How am I getting caught up on it? I acknowledged that I think frontier models qualify as intelligent but disputed the "general" part. In fact for quite a few years now there have been many non-frontier models that I also consider intelligent within a very narrow domain.
I think stockfish reasonably qualifies as superhuman AI but not even remotely "general". Similarly alphafold.
> Actually solving it is not a requirement for AGI.
I think I see what you're trying to get at but taken as worded that can't possibly be right. Otherwise a dumb-as-a-brick automaton that made an "attempt" to tackle whatever you put in front of it would qualify as AGI.
It’s not that simple since each problem is supposed to be distinct and different enough that no single program can solve multiple of them properly. No problem spec is provided as well iiuc so you can’t simply ask an LLM to generate code without doing other things.
A human can sit down to play a game with unknown rules and write a spec as he goes. If a model can't even figure out to attempt that, let alone succeed at it, then it most certainly isn't an example of "general" intelligence.
> A human can sit down to play a game with unknown rules and write a spec as he goes.
Some humans can. Many, if not most humans cannot. A significant enough fraction of humans have trouble putting together Ikea furniture that there are memes about its difficulty. You're vastly overestimating the capabilities of the average human.

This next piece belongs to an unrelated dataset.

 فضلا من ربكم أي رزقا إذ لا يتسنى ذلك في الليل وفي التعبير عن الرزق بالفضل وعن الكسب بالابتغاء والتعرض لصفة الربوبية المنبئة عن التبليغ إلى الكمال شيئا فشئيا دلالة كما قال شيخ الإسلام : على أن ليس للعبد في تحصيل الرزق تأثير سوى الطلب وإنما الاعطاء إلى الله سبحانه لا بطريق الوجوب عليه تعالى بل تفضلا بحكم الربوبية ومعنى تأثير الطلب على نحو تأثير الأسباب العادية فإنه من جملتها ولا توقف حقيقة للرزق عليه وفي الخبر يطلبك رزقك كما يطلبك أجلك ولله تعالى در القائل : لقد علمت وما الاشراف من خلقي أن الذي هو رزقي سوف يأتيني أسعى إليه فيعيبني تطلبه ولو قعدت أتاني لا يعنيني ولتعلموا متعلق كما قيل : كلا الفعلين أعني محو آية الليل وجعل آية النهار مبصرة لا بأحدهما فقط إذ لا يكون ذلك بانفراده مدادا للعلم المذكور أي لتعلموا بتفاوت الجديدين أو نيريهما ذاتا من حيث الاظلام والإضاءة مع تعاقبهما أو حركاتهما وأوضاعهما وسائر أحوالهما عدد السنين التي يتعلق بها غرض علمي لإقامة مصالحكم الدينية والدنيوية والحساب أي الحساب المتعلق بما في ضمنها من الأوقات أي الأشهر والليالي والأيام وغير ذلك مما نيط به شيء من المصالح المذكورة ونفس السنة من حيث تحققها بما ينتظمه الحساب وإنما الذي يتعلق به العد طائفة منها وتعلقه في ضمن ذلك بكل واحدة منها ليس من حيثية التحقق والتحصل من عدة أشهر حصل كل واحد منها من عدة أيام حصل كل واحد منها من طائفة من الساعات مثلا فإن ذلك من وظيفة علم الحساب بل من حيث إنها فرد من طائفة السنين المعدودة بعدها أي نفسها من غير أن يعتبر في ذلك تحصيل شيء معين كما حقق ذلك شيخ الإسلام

Working in tech puts you in probably the top ~1-5% of capability to intuit and understand rules, but it distorts your intuition of what a "reasonable" baseline for that is.

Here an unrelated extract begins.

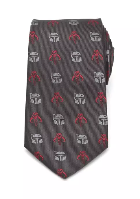 “This is the way.” Charcoal gray forms the rich background to this elegant Mandalorian neck tie, featuring crimson Mythosaur icons and silver Mando helmets. No matter where your adventure takes you next, this tie will ensure you look great when you get there. Officially licensed by Lucasfilm LTD.

Yes, I am aware. However an idealized human can do so. Analogously, there are plenty of humans that can't run an 8 minute mile but if your bipedal robot is physically incapable of ever doing that then it isn't reasonable to claim having achieved human level athletic performance. When it can compete in every Olympic event you can claim human level performance at athletics in general.
If the model can't generalize to arbitrary tasks on its own without any assistance then it doesn't qualify as a general intelligence. AGI to my mind means meeting or exceeding idealized human performance on the vast majority of arbitrary tasks that are cherrypicked to be particularly challenging.
It's not obvious at all. And I would say pretty much impossible without using machine learning. Even for ARC-AGI-1 there is no GOFAI program that scores high.
People are still debating whether these models exhibit any kind of intelligence and any kind of thinking. Setting the bar higher then necessary is welcome, but at this point I’m pretty sure everyone’s opinions are set in stone.
In retrospect, it seems obvious that we hit AGI by a reasonable "at least as intelligent as some humans" definition when o3 came out, and everything since then has been goalpost moving by people who have higher and higher bars for which percentile human they would be willing to employ (or consider intellectually capable). People should really just use the term "ASI" when their definition of AGI excludes the majority of humans.
Edit: Here's the guy who coined the term saying we're already there. Everything else is arguing over definitions.
> Well, Lars, I INVENTED THE TERM and I say we have achieved AGI. Current models perform at roughly high-human level in command of language and general knowledge, but work thousands of times faster than us. Still some major deficiencies remain but they're falling fast.
> They all make sense to me if we're trying to judge whether these tools are AGI, no?
As long as the mean and median human scores are clearly communicated, the scoring is fine. I think the human scores above would surprise people at first glance, even if they make sense once you think about it, so there's an argument to be made that scores can be misleading.
“no harnass at all” might be an issue, though, as these types of benchmarks are often gamified and then models perform great on them without actually being better models.